I mean, I assumed he’d have the schedule. He was the roadie, after all.
“Gibson Park,” he muttered. “Big outdoor venue in the city, where they have a lot of their music festivals in the summer. Label booked you for a smaller show tonight. You’re on at 7.”
Wait, 7? I looked down at my watch and saw that it was already noon. That meant we had...
“Seven hours until curtain?” I asked, shocked.
That was almost no time. We had to get there, get our equipment sorted out, figure out our set list, do a sound check, prep for actually going on stage...
In seven hours.
We had seven hours.
We’d literally just arrived.
I glanced up to see Connor looking just as gobsmacked as I was. The record was essentially setting us up to fail, right from the start. Why the hell would they do that?
Although...
“I guess we’re at least together,” I said finally.
Whatever happened, it would happen to both of us.
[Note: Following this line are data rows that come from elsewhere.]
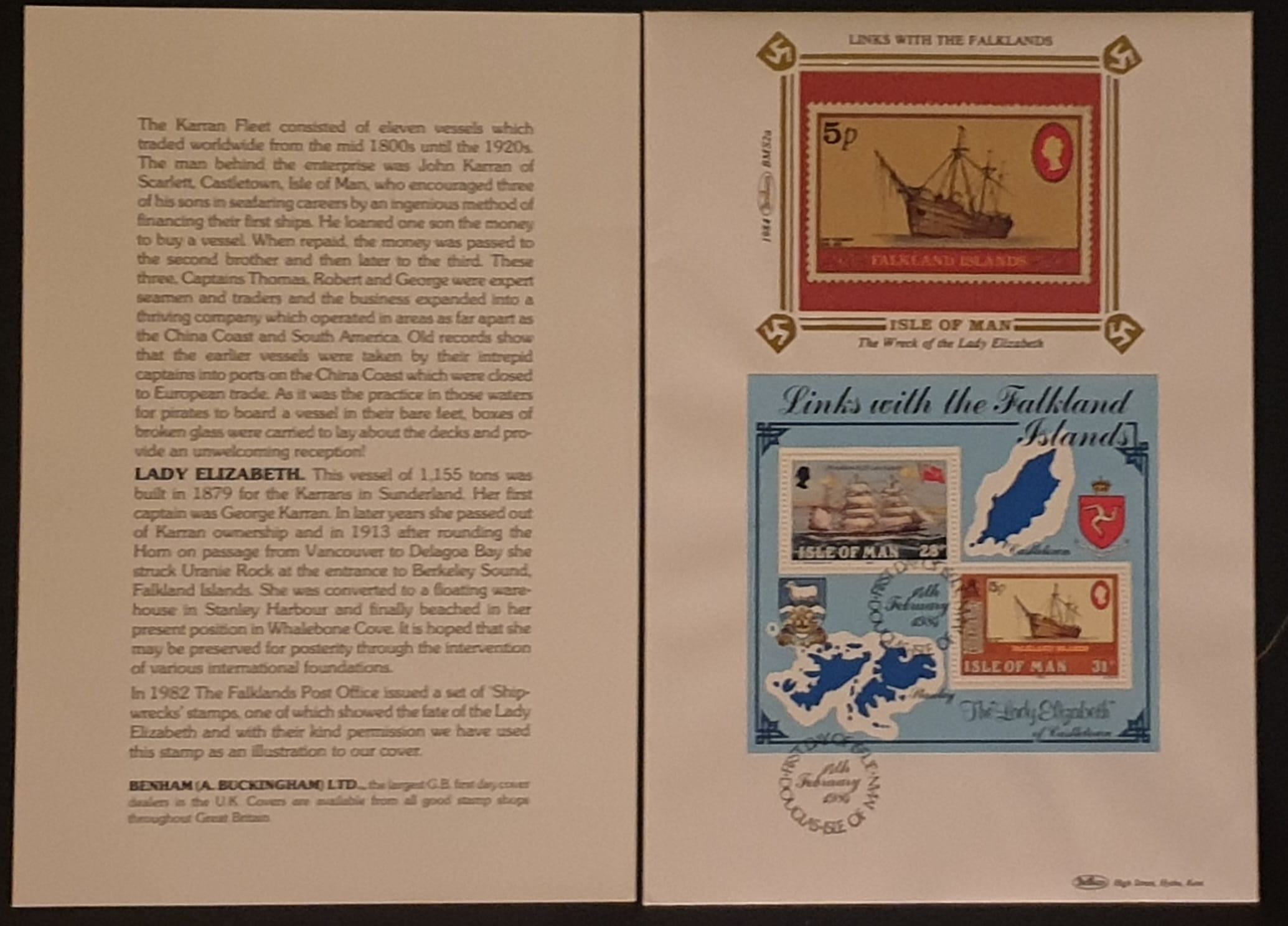 Isle of Man FDC “Falkland Islands” Miniature Sheet, BENHAM BMS2a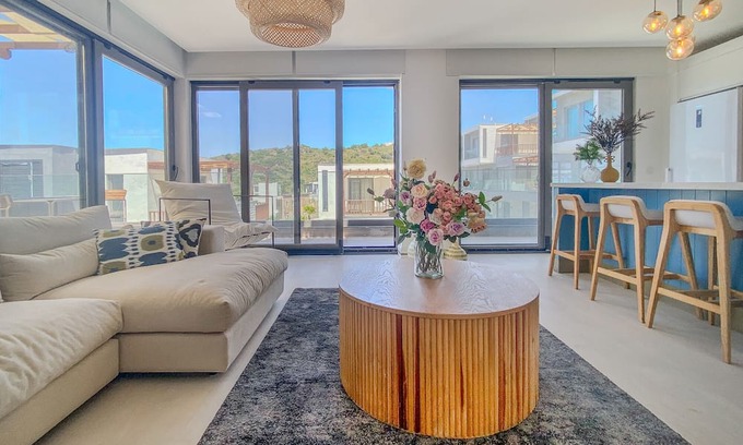 Experience the ultimate getaway in a fully furnished house in Milas, perfect for short-term stays and vacation rentals in Mugla. Just a 3-minute stroll to the beach, Flare features stunning sea views and a private balcony, offering the ideal setting for relaxation and enjoyment. With modern amenities and a prime location, it’s perfect for couples, families, or solo adventurers. Book your serene seaside escape today!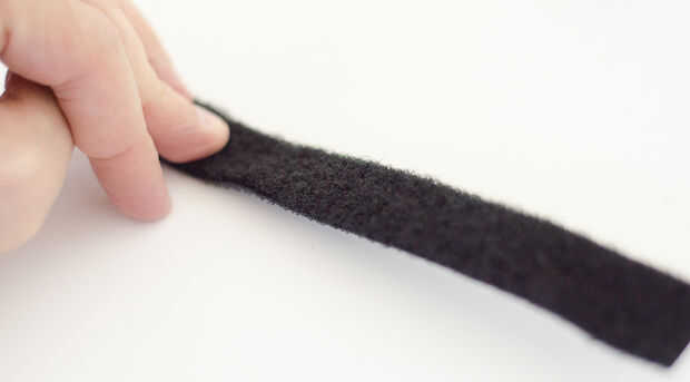 Ahora tenemos dos tiras de largo verticales. Corte dos 30 cm (o más) las tiras de ganchos y coloque la punta de estas tiras a los lados de la pieza base. Hacer no Retire los protectores de espalda pegajosos. Sugiero dejar cierto margen a los lados de la pieza de montaje para mejor agarre. Si lo hace bien, conseguirá algo que parece un símbolo de PI (Π).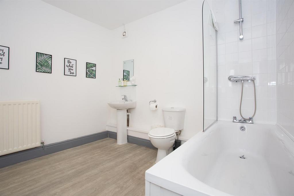 En-Suite - 2.95m x 2.87m - White suite comprising: close coupled wc, pedestal wash hand basin, panel bath with mains fed shower over, glass screen and tiled splashback, radiator and laminate flooring.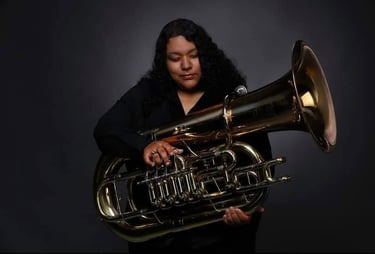 after moving from brooklyn new york to boca raton florida alex joined band and selected the tuba in middle school. Alex continued pursuing music through to college, where she majored in music PERFORMANCE at florida atlantic university. while IN COLLEGE alex was a founding member of HER UNIVERSITY'S tuba/EUPHONIUM quartet, as well as a member of wind ensemble and the symphony orchestra. alex also performed with Orchid City brass band, tAUGHT PRIVATE LESSONS AND WORKED AS A LOW BRASS CLINICIAN FOR VARIOUS HIGH SCHOOLS AND MIDDLE SCHOOLS WITHIN PALM BEACH COUNTY. Alex also has experience professionally gigging throughout south florida from solo work to professional orchestra work and even recording for a Metal band album. Currently alex is on the substitute list for the hershey symphony orchestra, and performs with multiple different groups including brass storm.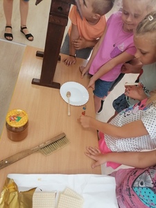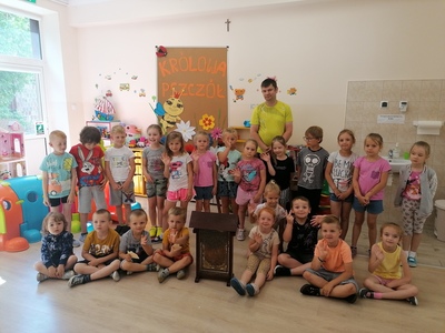 Przedstawili dzieciom historię odkrycia miodu, jako słodkiej i zdrowej przekąski, etapy rozwoju hodowli pszczół, a także tajemnice z życia tych małych stworzeń. W bardzo ciekawy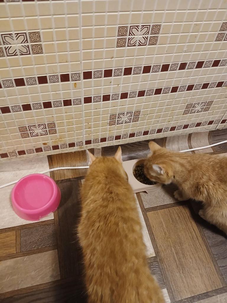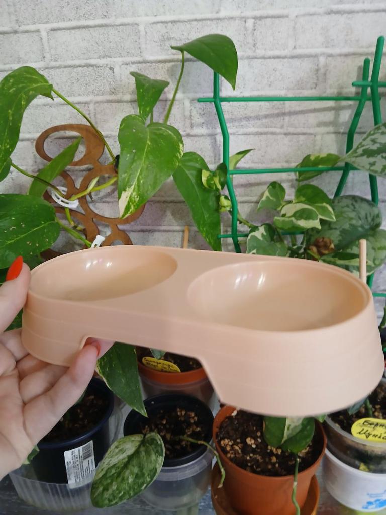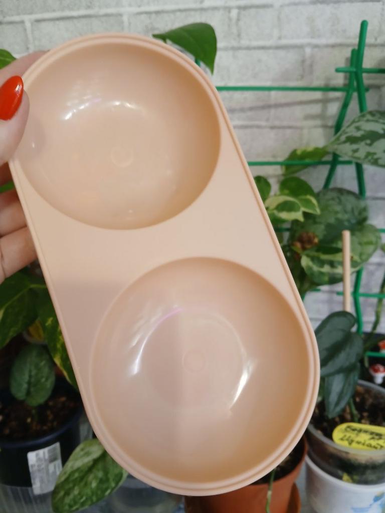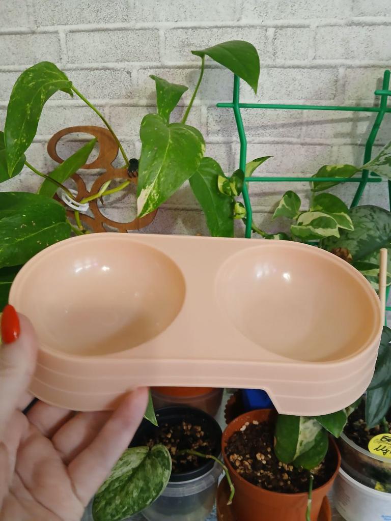 Double pet bowls are used to hold food and water simultaneously. Type: Double bowls, ideal for cats or small dogs. Material: Made of plastic. Colors: Available in various pastel colors, including orange, purple, mint green, and light yellow. Purpose: A convenient feeding solution that allows you to keep food and water in one place. I recommend.👍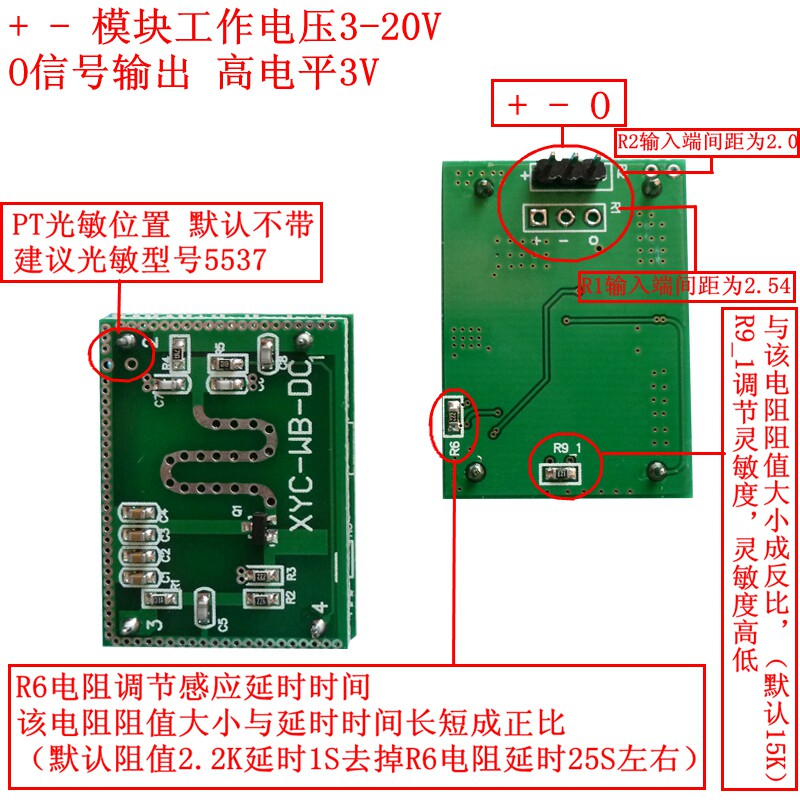 - 10. Задержка работы: около 1 секунды.(Задержка непосредственно пропорциональна значению сопротивления R6. Значение сопротивления по умолчанию на 2K задерживается на 1 секунду. Если сопротивление не сварено, отверстие составляет около 30 секунд.)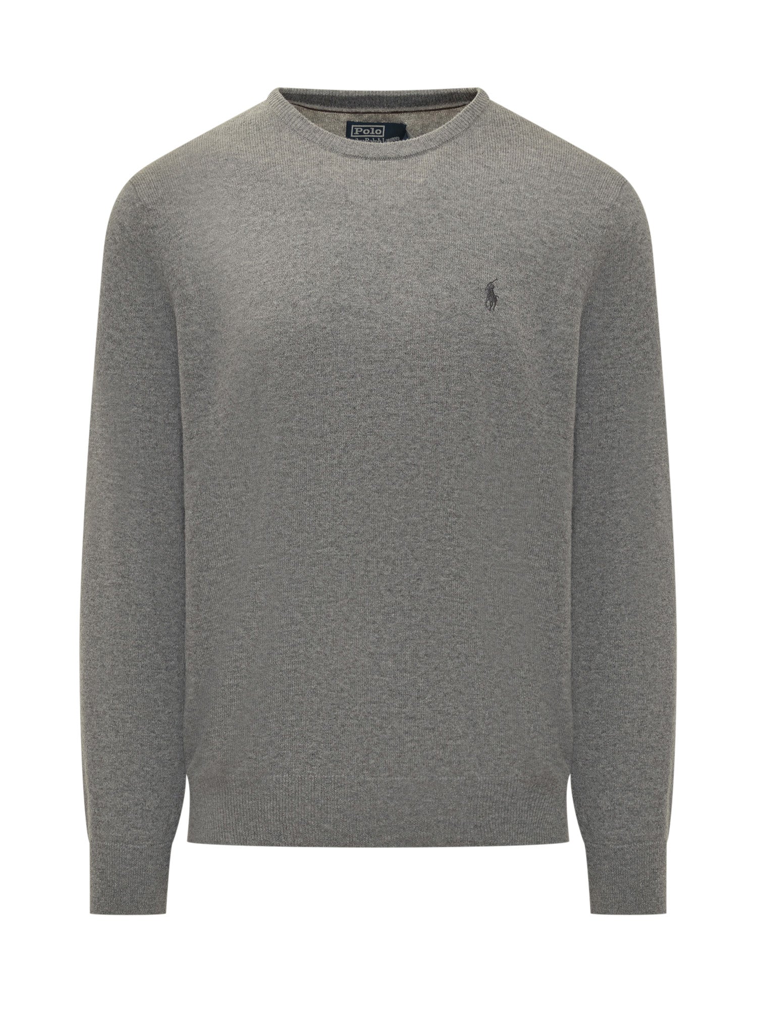 Maglione Polo Ralph Lauren in lana grigia con scollo girocollo e logo ricamato sul petto.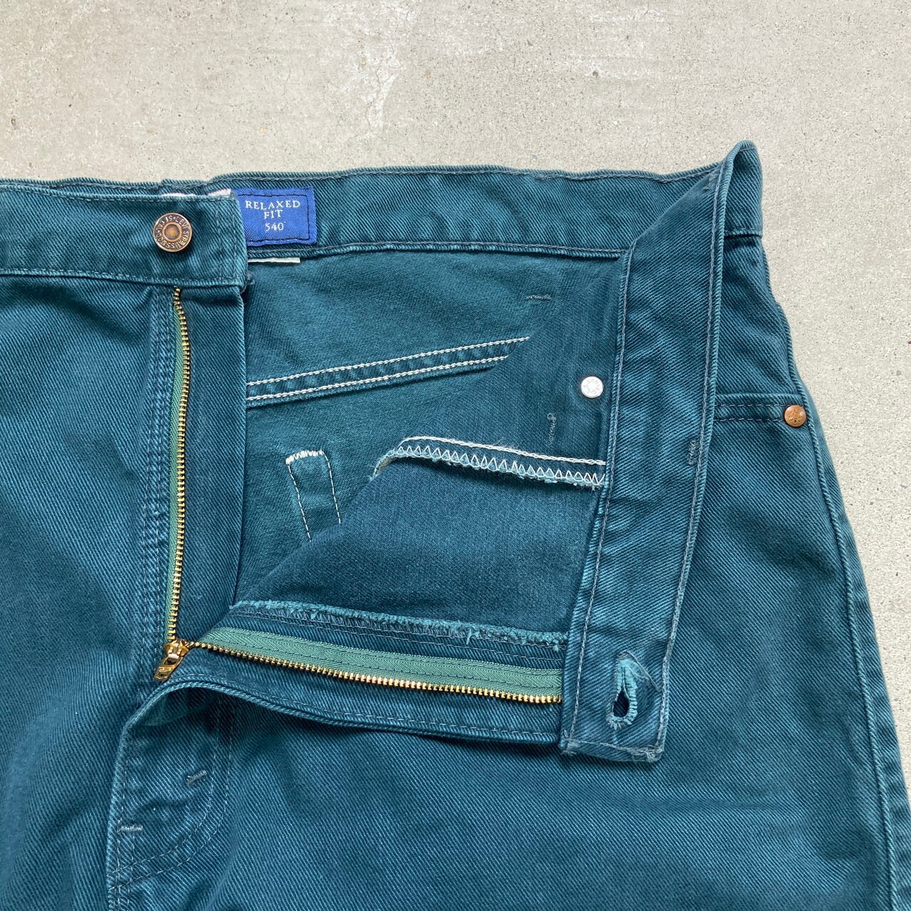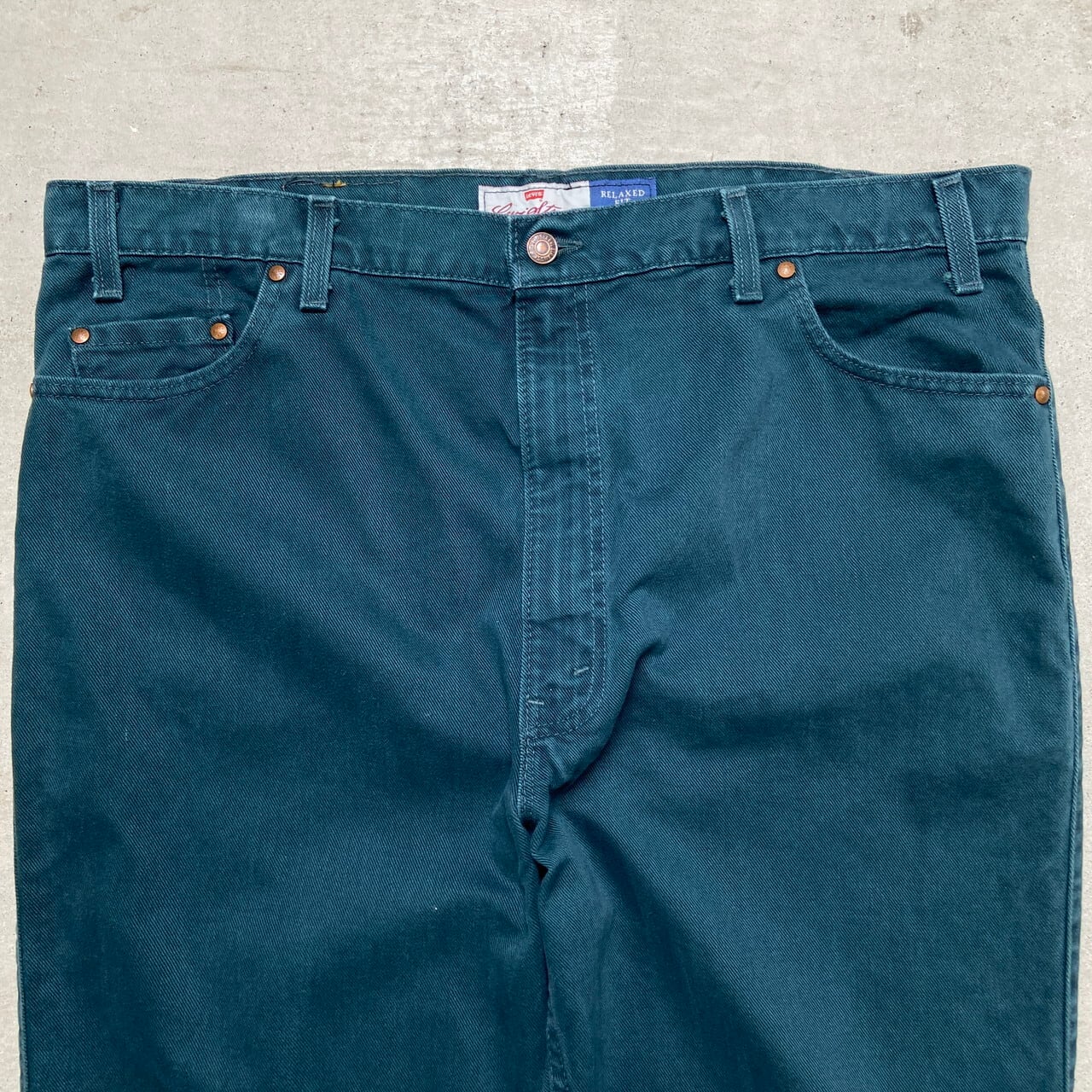 ■90年代 Levi's リーバイス 540 RELAXED FIT カラーデニム テーパードデニムパンツ 茶タブ メンズW41相当 古着 ビッグサイズ 90s ブラウンタブ ヴィンテージ VINTAGE バギーデニムパンツ 緑色【デニムパンツ】/グリーン

And we’d be able to use both our brains to figure out how to get out of it.
“We’re here,” Barry snapped, shoving the bus into park and whirling on us.
I turned away from the window, where I’d been watching the city going by, and stared at the man. He certainly wasn’t the most pleasant person I’d ever met, and I wished we’d had someone I actually liked, though I supposed beggars couldn’t be choosers. There was something weird about him, though. Something that seemed so familiar but was keeping right out of reach. I could swear I’d seen him before somewhere.
You’d think I would have remembered, what with the whole circus thing, but I’d met so many people over the last few months that it could be hard to keep track. Maybe that was it, I thought. Maybe he’d just been around the music scene in Nashville and I’d seen him at a bar or something. The scene tended to be a pretty small world, so if he was a roadie for bands, it made sense that I’d have seen him around.
And with the look he had going on, I definitely would have noticed him.
I stifled another smile and turned to stare out at the site of our first show.
The park, which, according to my quick researching skills, housed everything from a duck pond to outdoor movies during the summer, was already teeming with people, though I doubted they were here for the show this early.
Wait. I glanced at my watch and saw that it was already 1. Still, if the show didn’t start until 7, it didn’t make sense for so many people to be here already. We weren’t a big group that had a big following.
Yet.
“What’s going on?” I asked, indicating all the people.
“Everything,” Barry replied. “According to the people I talked to at the label, this park does everything. Activities for the kids. Fairs. Farmers markets. Don’t worry; they’re not all here to see you.”
I scowled at the guy, wondering again whether we knew each other from somewhere, but then realized that it didn’t matter. We were here and we needed to get ready. Regardless of how weird our roadie was.